From Many .svn Folders to a Single .git Folder

A Subversion checkout creates a hidden .svn folder for every folder that it retrieves from the remote repository. Each of these .svn folders houses the necessary information for a Subversion client to know about the remote server, branch, and folder.

There is only one .git folder for a given Git repository.

There is only one .git folder for a given Git repository. Since Git pays attention to the file system and runs most commands locally, there is no need to store connection and state information about a folder in every folder. Git is able to read the file system and make comparisons to the actual repository, to determine the state of the files in the working folder.

Figure 4 shows an example of a Git repository and working folder layout. The actual repository is housed inside of the .git folder inside of the working directory of the project.

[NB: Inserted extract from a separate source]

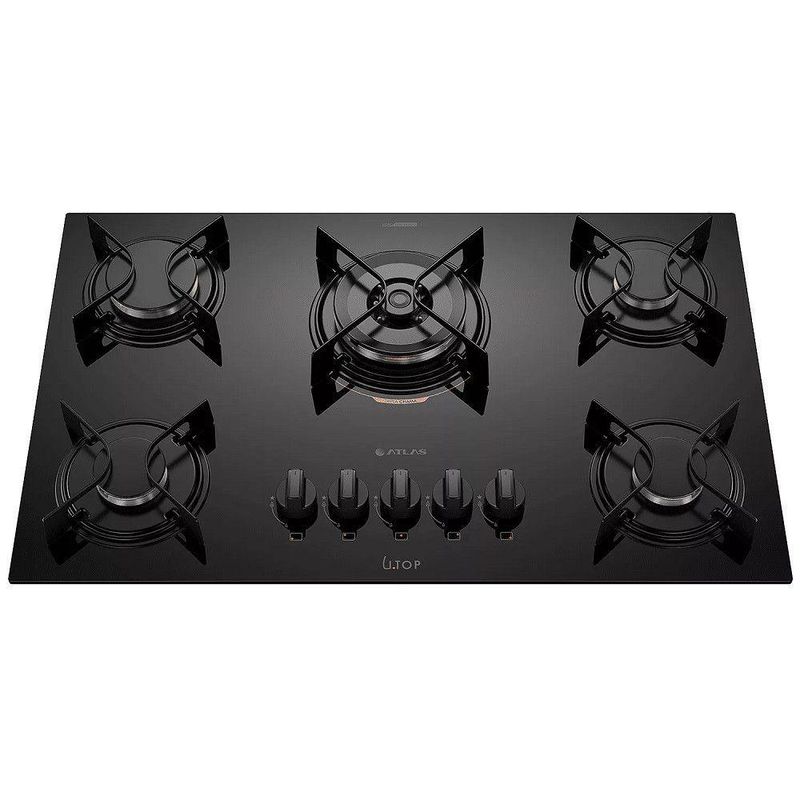 Cooktop 5 Bocas U Top Com Mesa De Vidro E Tripla Chama Atlas Preto Bivolt

![Figure 4: A folder with a Git repository.](https://codemag.com/Article/Image/1105101/Figure 4.tiff)

From Trunk to Master

Subversion repositories typically have folders called branches, tags, and trunk. The trunk represents the primary location of the content that is being worked on in the repository and is separate from any branches that may exist in the repository. While Subversion does not require a branches, tags, and trunk folder structure, this is the most common way of working. Most Subversion client software expects this or at least looks for this structure, and knows how to work with it.

With Git, the equivalent of trunk is the master branch.

With Git, the equivalent of trunk is the master branch. Technically, there is no distinction between the master branch and any other branch in the repository. By convention, though, most Git repositories have a master branch that represents the most up-to-date, stable version of the content in the repository. However, there is no requirement for a Git repository to have a branch named master; this is only a convention and a default built into Git.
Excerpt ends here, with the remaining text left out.